Example 4. Four Week Stability at 40° C.

The stabilities of HCAb1 and HCAb2 at 40° C. over the course of 4 weeks were compared by SE-UHPLC analysis. In brief, higher-order aggregate percentages were compared over 4 weeks of incubation at 40° C. for HCAb1 and HCAb2 at a concentration of 5 mg/mL in two formulation buffers: (1) 10 mM histidine, 9% sucrose, 0.01% PS80, pH 6.2 (“F1”); and (2) 10 mM histidine, 9% sucrose, 0.01% PS80, pH 6.8 (“F2”). HCAb2 formed higher-order aggregates at a faster rate compared to HCAb1 at 40° C. in both formulation buffers (FIG. 12 ).

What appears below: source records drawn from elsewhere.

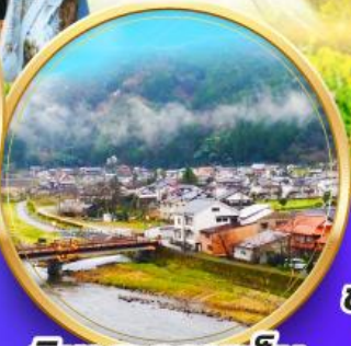
มิซาสะออนเซ็น
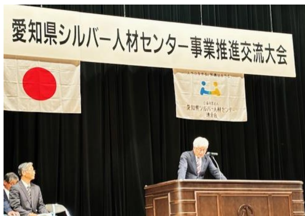
連合会前里会長による挨拶

なお、当センターの前里会長は愛知県シルバー人材センター連合会会長も兼任しており、今回の大会開催にあたり会長挨拶を行いました。
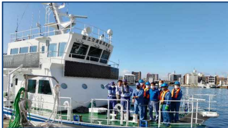
関門航路事務所 測量船「海燕」 北九州港を出港

調査の結果、8月4日（木）18時に航泊禁止が全て解除され、徳山西航路の航行が可能になるなど港湾機能の一部が回復しました。
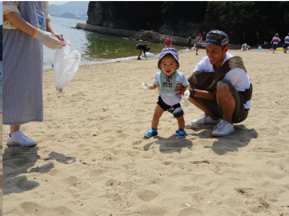
※親子で海に親しむ
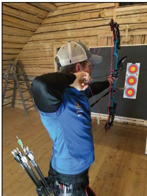
”Bra grunder är allt”

med under en tävling. Detta för att reda ut scenarion och bestämma var det gick snett eller vad som var bra samt såklart återkoppla och utvärdera. I nio fall av 10 är det ett förtroende i skottet eller självsäkerhet som går snett men många gånger pga olika anledningar.
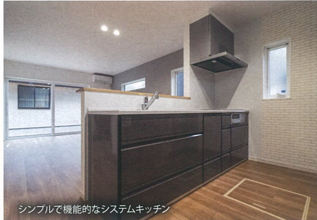
シンプルで機能的なシステムキッチン
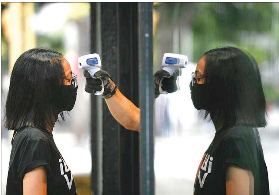
ဗင်နီဇွဲလားတွင် စတိုးဆိုင်ထဲသို့ ဝင်ရောက်လာသော ဈေးဝယ်သူတစ်ဦးကို ဝန်ထမ်းတစ်ဦးက အပူချိန်တိုင်းနေစဉ်။

ဝါရှင်တန် ဇူလိုင် ၂၆ ကမ္ဘာတစ်ဝန်း ကိုဗစ်-၁၉ ကူးစက်ခံ ရသူပေါင်း ၁၆ သန်းနီးပါး ရှိလာပြီ ဖြစ်ကြောင်း နိုင်ငံတကာသတင်း တစ်ရပ်တွင် ဇူလိုင် ၂၆ ရက်က ဖော်ပြ လိုက်သည်။ အမေရိကန် ပြည်ထောင်စု ဂျွန်ဟော့ကင်းတက္ကသိုလ် သုတေ သနပညာရှင်များ၏ ကမ္ဘာ့စံတော်ချိန် (ယူတီစီ) စနစ်ဖြင့် နံနက် ၆ နာရီ စစ်တမ်းဖော်ပြချက်အရ ကမ္ဘာ တစ်ဝန်း ကိုဗစ်-၁၉ ကူးစက်ခံရသူ ပေါင်း ၁၅၈၁၇၀၀ ဦးအထိရှိပြီး ၁၆ သန်းနီးပါးသို့ ရှိလာခဲ့ပြီး သေဆုံး သူပေါင်း ၆၄၁၂၄၃ ဦးရှိကြောင်း သိရသည်။ ကိုဗစ်-၁၉ ကူးစက်အခံရဆုံး ကမ္ဘာ့နိုင်ငံများစာရင်းတွင် အမေရိ ကန် ပြည်ထောင်စုသည် ကူးစက်ခံရ သူပေါင်း ၄ ဒသမ ၁၄ သန်းဖြင့် ထိပ်ဆုံးမှ ရပ်တည်လျက်ရှိပြီး ယင်းနောက်၌ ဘရာဇီးနိုင်ငံနှင့် အိန္ဒိယနိုင်ငံတို့ရှိသည်။ အလားတူ ကိုဗစ်-၁၉ ကြောင့် သေဆုံးမှုအများဆုံးနိုင်ငံ စာရင်းတွင် လည်း အမေရိကန်ပြည်ထောင်စု သည် ထိပ်ဆုံးမှ ရပ်တည်လျက်ရှိ
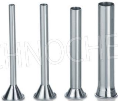
Imbuti inox (ø 13-16-20-25-28-38) opzionali
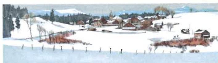
14. LES BOUCHOUX
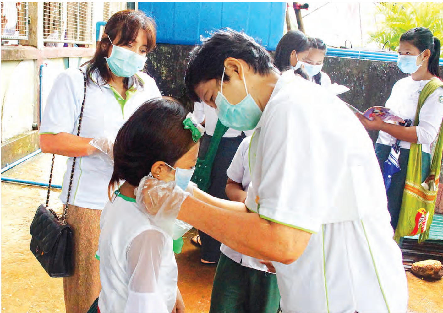
ရာသီတုပ်ကွေး (H1N1) နှင့် ကြက်ငှက်တုပ်ကွေး (H5N1) ရောဂါကူးစက်မှုမှစီစဉ်ရေးအတွက် ဇူလိုင် ၂၉ ရက်က ကော့သောင်းမြို့၊ အထက(၁)၌ ကျောင်းသူတစ်ဦးကို တာဝန်ရှိသူက ရောဂါကာကွယ်ရေးလုပ်ငန်းဆောင်ရွက်ပေးစဉ်

နေပြည်တော် ဇူလိုင် ၂၉ ကျန်းမာရေးနှင့် အားကစားဝန်ကြီးဌာနအနေဖြင့် လတ်တလောဖြစ်ပွားနေသော ရာသီတုပ်ကွေးရောဂါ (Seasonal Influenza A(H1N1) pdm 09) နှင့် ပတ်သက်၍ အရေးပေါ်တုံ့ပြန်ဆောင်ရွက်ခြင်း၊ ရောဂါ စောင့်ကြပ်ကြည့်ရှုခြင်း၊ ကာကွယ်ထိန်းချုပ်ခြင်းနှင့် ကုသမှု ပေးခြင်းလုပ်ငန်းများအား အရှိန်အဟုန်မြှင့်ဆောင်ရွက်လျက် ရှိရာ ၂၀၁၇ ခုနှစ် ဇူလိုင် ၂၈ ရက် မွန်းလွဲ ၂ နာရီမှ ဇူလိုင် ၂၉ ရက် မွန်းလွဲ ၂ နာရီအထိ သံသယလူနာ ၁၇ ဦးအား ထပ်မံ ဓာတ်ခွဲစမ်းသပ်စစ်ဆေးခဲ့ရာ Seasonal Influenza A(H1N1) pdm 09 အတည်ပြုလူနာ ခြောက်ဦးတွေ့ရှိ ခဲ့ကြောင်း ကျန်းမာရေးနှင့် အားကစားဝန်ကြီးဌာန၏ သတင်းထုတ်ပြန်ချက်အရ သိရသည်။ အဆိုပါထုတ်ပြန်ချက်တွင် ၂၀၁၇ ခုနှစ် ဇူလိုင် ၂၅ ရက်က ရန်ကုန်ပြည်သူ့ဆေးရုံကြီး၌ စတင်တက်ရောက်ပြီး ဇူလိုင် ၂၇ ရက် နံနက်ပိုင်းတွင် မြောက်ဥက္ကလာပမြို့နယ်ရှိ အထူးကု ဆေးရုံ(ဝေဘာဂီ)သို့ လွှဲပြောင်းကုသမှုပေးခဲ့သော လူနာ တစ်ဦးသည် ဇူလိုင် ၂၈ ရက်တွင် သေဆုံးခဲ့ကြောင်း။ လတ်တလော ပြင်းထန်အသက်ရှူလမ်းကြောင်းပိုးဝင် ရောဂါ လူနာများကို ရောဂါပျံ့နှံ့မှု လျှင်မြန်စွာထိန်းချုပ်နိုင်ရန် အတွက် မြောက်ဥက္ကလာပမြို့နယ်ရှိ အထူးကုဆေးရုံ (ဝေဘာဂီ)သို့ ဦးစားပေးပို့ဆောင်ကုသသွားမည်ဖြစ်ပြီး အဆိုပါဆေးရုံ၌ ကူးစက်ရောဂါအထူးကုဆရာဝန်ကြီးများ၊ ဆရာဝန်များ၊ သူနာပြုဆရာမနှင့် ဆရာမကြီးများ၊ အလို အလျောက် အသက်ရှူစက်များ၊ ဆေးနှင့် ဆေးပစ္စည်းများ၊ အထူးကြပ်မတ်ကုသဆောင်၌ လိုအပ်သော ပစ္စည်း ကိရိယာများ အလုံအလောက် ဖြည့်ဆည်းထားရှိကြောင်း သိရသည်။
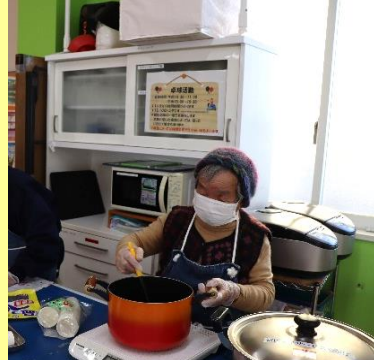
つぶあんを溶かす作業
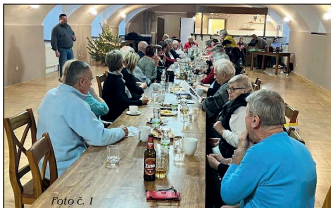
Foto č. 1
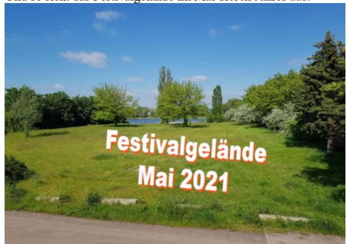
Foto vom 30.05.2021- Blick auf das Festivalgelände

Und so sieht das Festivalgelände im Mai diesen Jahres aus:
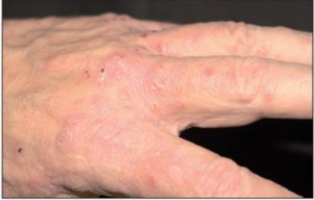
Şekil 2. 3. El parmak aralarında ekskorye papüller ve veziküller.

Uyuz akarlarına bağı gelişen hipersensitivite, simetrik ve pleomorfik lezyonların oluşumuna yol açar. Kaşıntının yoğun olduğu bölgelerde papül, vezikül, bü, pullanma, kabuklanma, püstül, nodül ve ekskoryasyonlar görülebilir.[15]
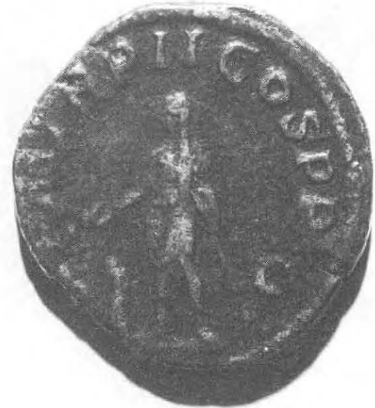
Gordianus - 238-244 ap. J.C.
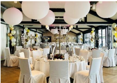
Runde Tische à 9 Personen
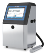
小字符喷码机系列

Example 5. Stability in Large Protein Depleted Human Serum

The stability of HCAb1 and HCAb2 in large protein depleted serum (LPDS) was assessed in real-time by SEC-UV analysis. The LPDS stability assay was previously described in International Patent Application Publication No. WO 2020/180967. In brief, human serum samples were depleted of large proteins through processing with a 30K molecular weight cutoff filter such that the final depleted human serum retained inorganic and organic serum components with about 4-5% small serum proteins and peptides but did not interfere with SEC monitoring. HCAb1 or HCAb2 to a concentration of about 250 μg/mL was added to LPDS and incubated with gentle motion in closed vials in an oven without CO2 at 37° C. SEC-UV measurements were obtained at about 0 (initial neat), 0.05, 1, 6, 24, 48, 72, 96, and 120 hour time points.
TABLE 26 summarizes the observed aggregation (dimer and higher-order aggregate) behavior for both heavy-chain antibodies over the course of 120 hours. While both heavy-chain antibodies showed a time-dependent increase in aggregation, HCAb1 exhibited lower aggregation levels compared to HCAb2 in LPDS under the conditions tested.

TABLE 26

Stability in LPDS

	HCAb1 (10 mM acetate, 9%	HCAb2 (10 mM histidine, 9%
	sucrose, 0.01% PS80, pH 5.2)	sucrose, 0.01% PS80, pH 6.8)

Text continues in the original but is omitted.